Progesterone was observed to improve treatment and recovery in women after traumatic brain injury (TBI), prompting interest in clinical trials to see how the hormone would fare. Unfortunately, a study has shown that the hormone was no more effective than placebo in treating TBI.
Published in the New England Journal of Medicine, the study was called ProTECT III. It was originally planned that 1,140 TBI patients would be included but the number was cut to 882 after it was determined that additional enrollment would not be beneficial anyway. From July 2009 to November 2013, favorable and survival outcomes (as measured by improvements in Glasgow Coma Scores) were assessed in patients across 49 trauma centers in the United States and results showed that there was not a significant difference between the scores of the progesterone-treated group and the placebo group.
In those who were given the hormone, favorable outcomes were present in 51 percent of the progesterone-treated group while those given placebos registered 56 percent. In terms of mortality rates after six months, the progesterone-treated group logged 18.8 percent while the placebo group got 15.7 percent.
According to David Wright, M.D., emergency medicine research vice chair and associate professor at Emory University and lead investigator for the study, results were plainly disappointing. Preclinical data on progesterone's neuroprotective effects were compelling but unfortunately did not translate to the clinical trial with TBI patients.
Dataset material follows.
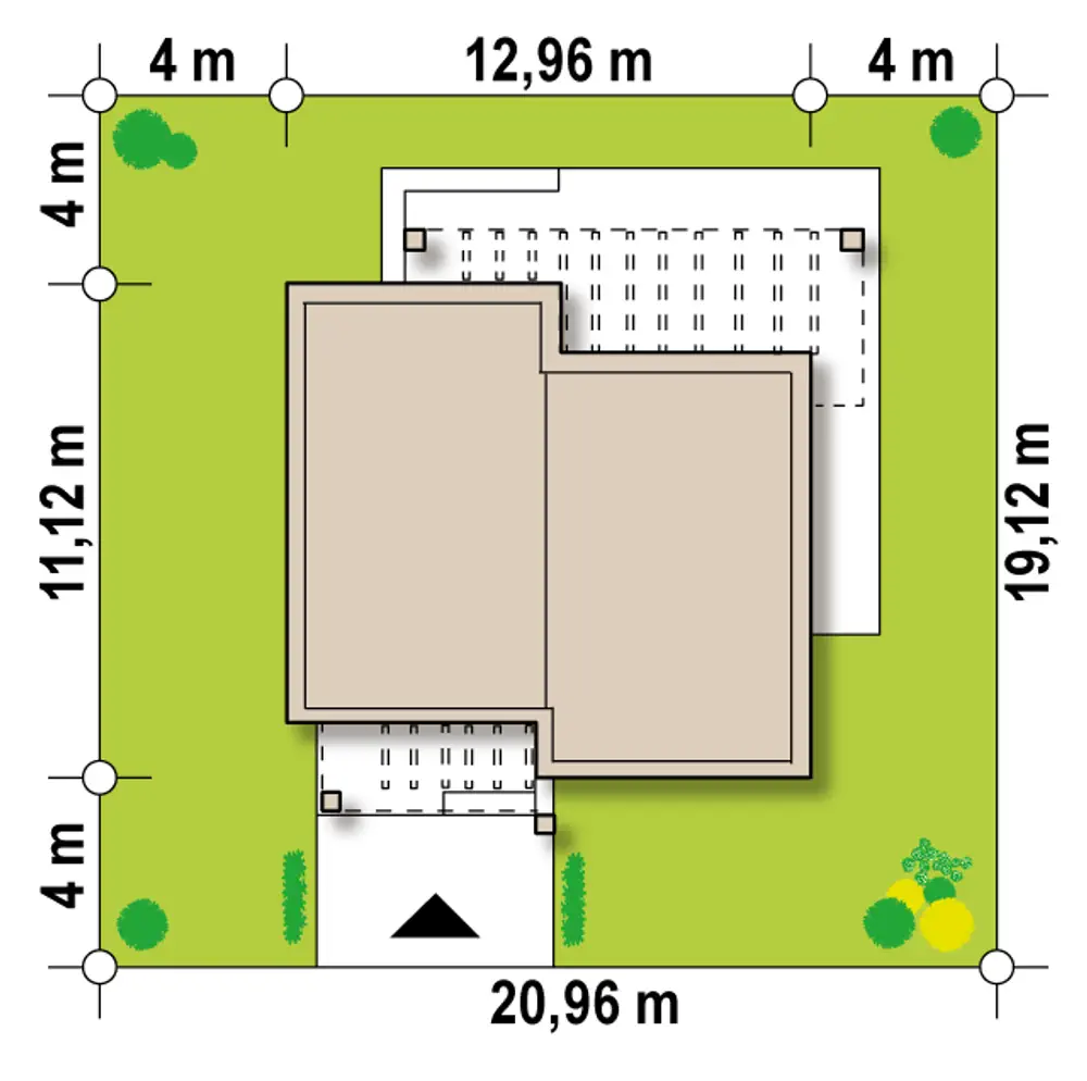 Kompaktowy dom w nowoczesnym stylu z trzema pokojami oraz własnymi garderobami.

Progesterone is a naturally occurring hormone in both men and women, a steroid produced to support reproductive functions and brain development. It was administered by infusion through a four-day period and was generally tolerated well, with similar adverse effects in both groups. Phlebitis, a vein inflammation, however, was more prevalent in the progesterone-treated group.
"The trial results were not what we had hoped. Scientists must now redouble their efforts to develop treatments that protect the brain and enhance its natural recovery mechanisms," said Walter Koroshetz, M.D., National Institute of Neurological Disorders and Stroke acting director.
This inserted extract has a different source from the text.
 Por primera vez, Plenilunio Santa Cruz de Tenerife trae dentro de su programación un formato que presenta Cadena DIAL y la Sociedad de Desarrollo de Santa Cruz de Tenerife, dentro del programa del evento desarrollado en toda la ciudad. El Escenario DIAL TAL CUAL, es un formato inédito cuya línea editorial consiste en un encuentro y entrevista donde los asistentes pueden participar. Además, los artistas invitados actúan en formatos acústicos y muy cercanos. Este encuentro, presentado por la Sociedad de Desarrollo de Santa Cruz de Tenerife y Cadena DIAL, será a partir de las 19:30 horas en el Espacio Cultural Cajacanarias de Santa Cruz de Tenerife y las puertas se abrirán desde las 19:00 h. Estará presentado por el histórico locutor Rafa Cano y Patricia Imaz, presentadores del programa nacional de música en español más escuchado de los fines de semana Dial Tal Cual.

He added that animal studies must be aggressively pursued to establish desired effects in people before late-stage trials are started as this will clue researchers in on the right amount and duration for a dose.
Supported by the National Institute of Neurological Disorders and Stroke, the study was organized as part of the Neurological Emergencies Treatment Trials network. Researchers from the University of Michigan provided coordination and oversight while the Medical University of South Carolina took care of data analysis. Emory neurology professor Michael Frankel, M.D. also pitched in as principal investigator on-site at the Grady Memorial Hospital.